Return, exactly and with nothing added, the line with "Việc ốp đá một" together with all lines after it through the end of the data below. No pictures belong in the copy.
###
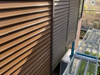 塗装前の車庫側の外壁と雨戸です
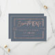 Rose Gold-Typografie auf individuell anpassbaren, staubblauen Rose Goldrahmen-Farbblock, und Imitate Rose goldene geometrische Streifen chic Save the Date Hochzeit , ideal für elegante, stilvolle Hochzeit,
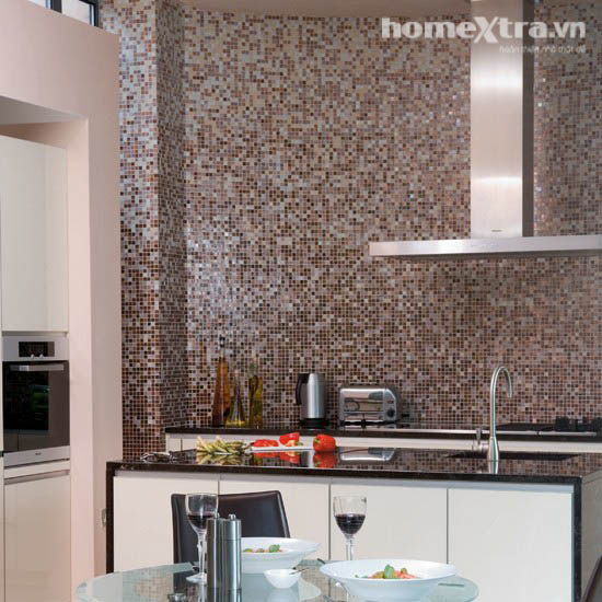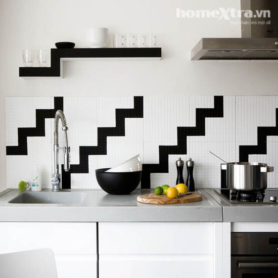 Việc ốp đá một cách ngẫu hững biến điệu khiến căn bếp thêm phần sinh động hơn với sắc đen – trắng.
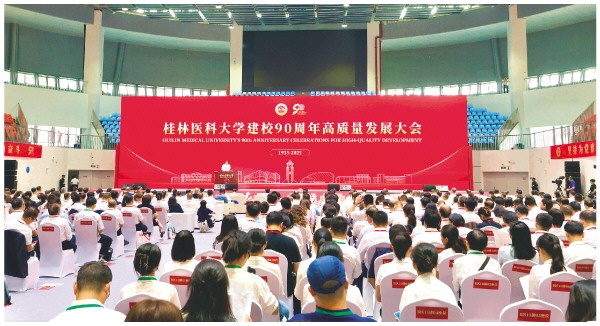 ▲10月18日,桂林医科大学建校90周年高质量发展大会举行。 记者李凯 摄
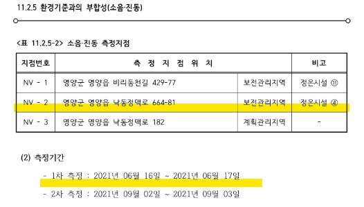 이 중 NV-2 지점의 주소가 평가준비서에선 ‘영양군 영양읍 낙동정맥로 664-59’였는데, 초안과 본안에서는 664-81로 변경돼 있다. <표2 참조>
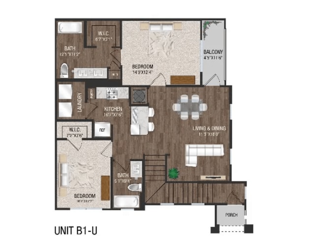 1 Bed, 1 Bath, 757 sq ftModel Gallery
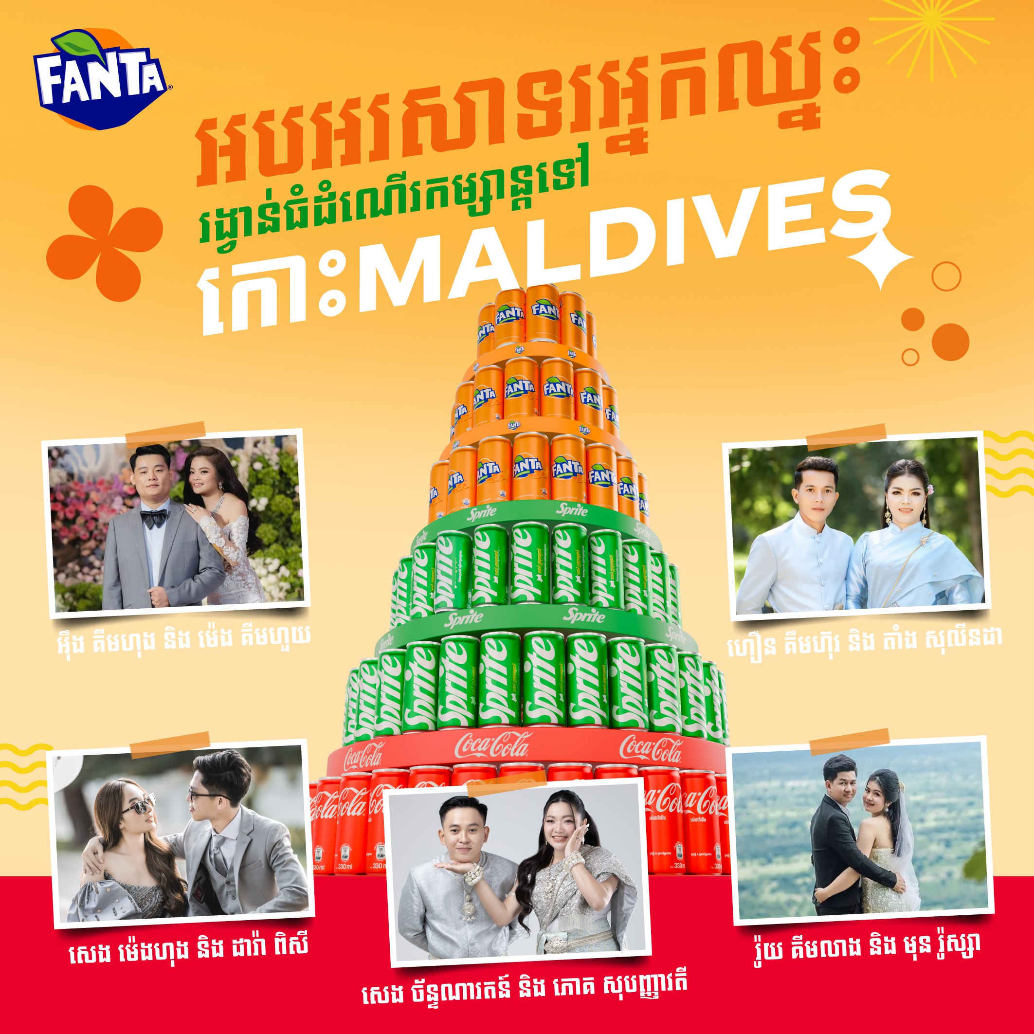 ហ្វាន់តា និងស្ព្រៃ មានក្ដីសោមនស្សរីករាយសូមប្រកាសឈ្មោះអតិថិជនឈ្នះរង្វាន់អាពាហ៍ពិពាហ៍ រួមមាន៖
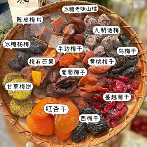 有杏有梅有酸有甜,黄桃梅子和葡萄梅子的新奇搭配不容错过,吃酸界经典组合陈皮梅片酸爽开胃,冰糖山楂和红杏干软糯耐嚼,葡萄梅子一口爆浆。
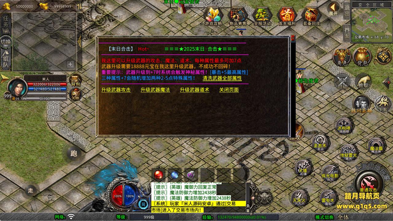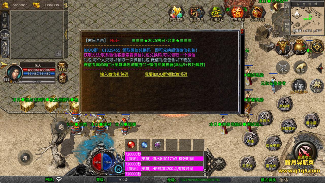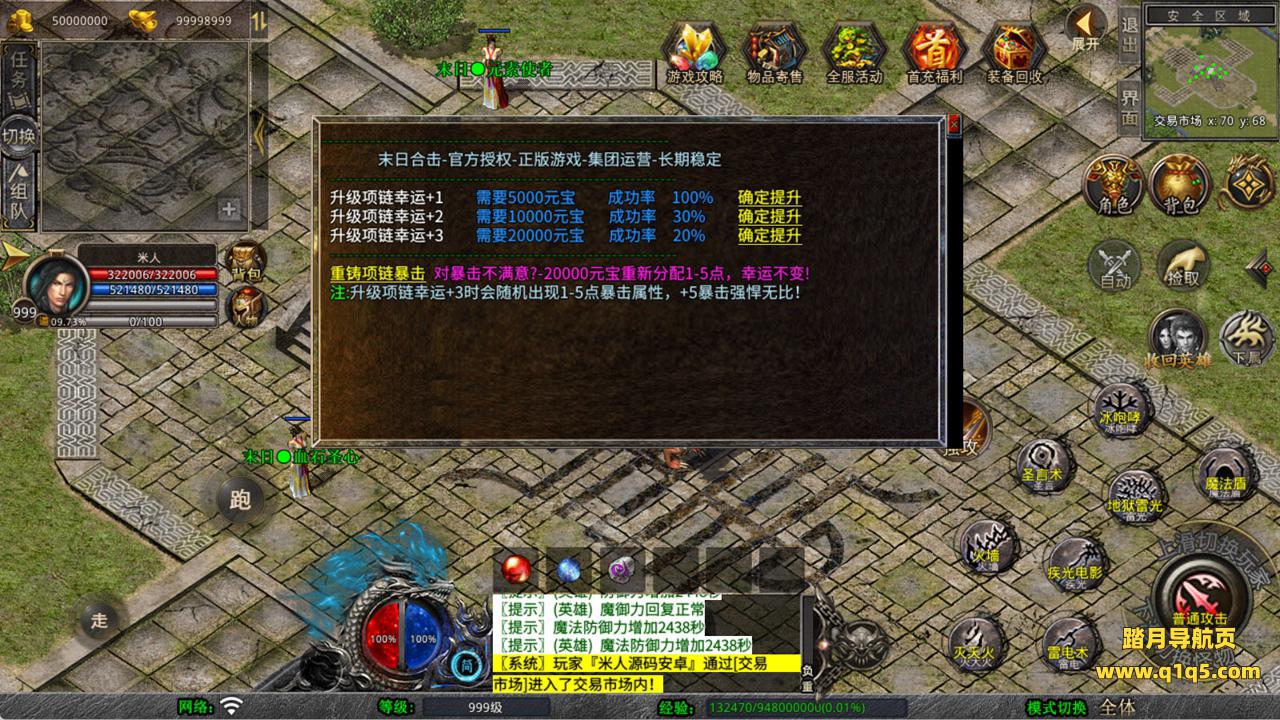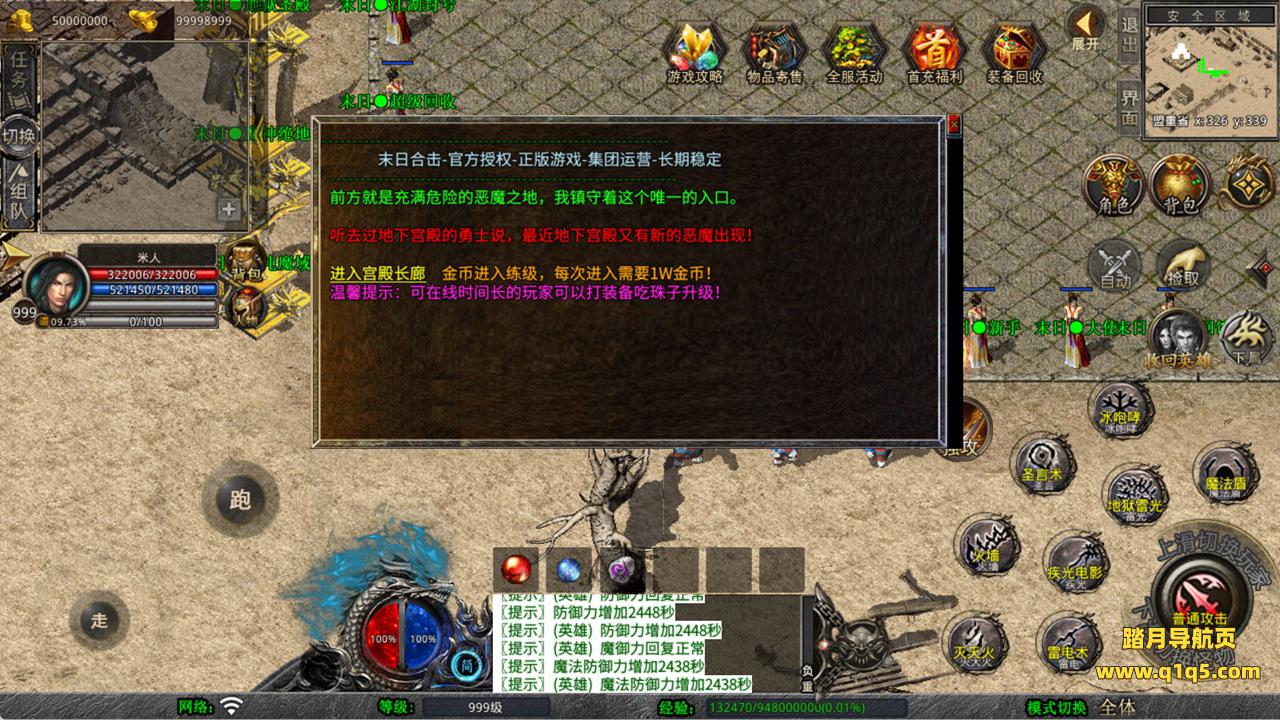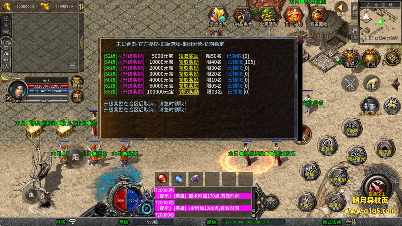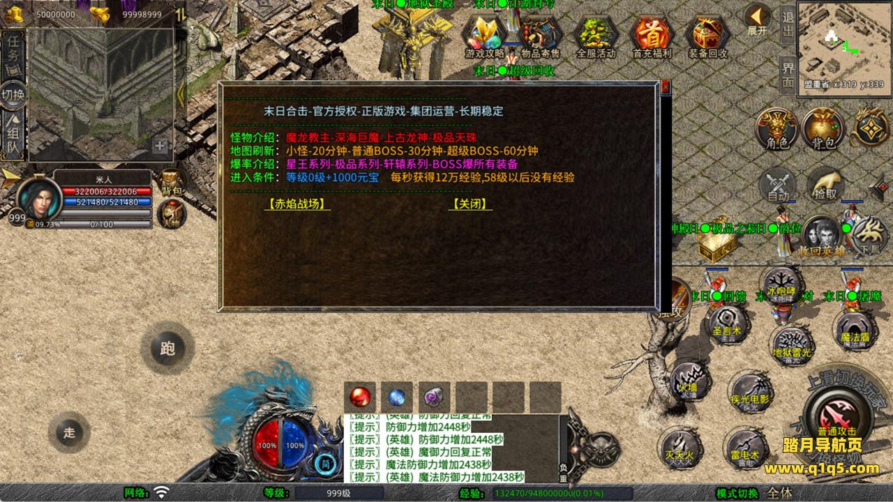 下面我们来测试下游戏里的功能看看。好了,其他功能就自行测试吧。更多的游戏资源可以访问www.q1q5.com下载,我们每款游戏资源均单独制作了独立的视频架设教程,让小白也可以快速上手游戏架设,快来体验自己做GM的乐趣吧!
###
SOLVED EXERCISE:
 Việc ốp đá một cách ngẫu hững biến điệu khiến căn bếp thêm phần sinh động hơn với sắc đen – trắng.
 ▲10月18日,桂林医科大学建校90周年高质量发展大会举行。 记者李凯 摄
 이 중 NV-2 지점의 주소가 평가준비서에선 ‘영양군 영양읍 낙동정맥로 664-59’였는데, 초안과 본안에서는 664-81로 변경돼 있다. <표2 참조>
 1 Bed, 1 Bath, 757 sq ftModel Gallery
 ហ្វាន់តា និងស្ព្រៃ មានក្ដីសោមនស្សរីករាយសូមប្រកាសឈ្មោះអតិថិជនឈ្នះរង្វាន់អាពាហ៍ពិពាហ៍ រួមមាន៖
 有杏有梅有酸有甜,黄桃梅子和葡萄梅子的新奇搭配不容错过,吃酸界经典组合陈皮梅片酸爽开胃,冰糖山楂和红杏干软糯耐嚼,葡萄梅子一口爆浆。
 下面我们来测试下游戏里的功能看看。好了,其他功能就自行测试吧。更多的游戏资源可以访问www.q1q5.com下载,我们每款游戏资源均单独制作了独立的视频架设教程,让小白也可以快速上手游戏架设,快来体验自己做GM的乐趣吧!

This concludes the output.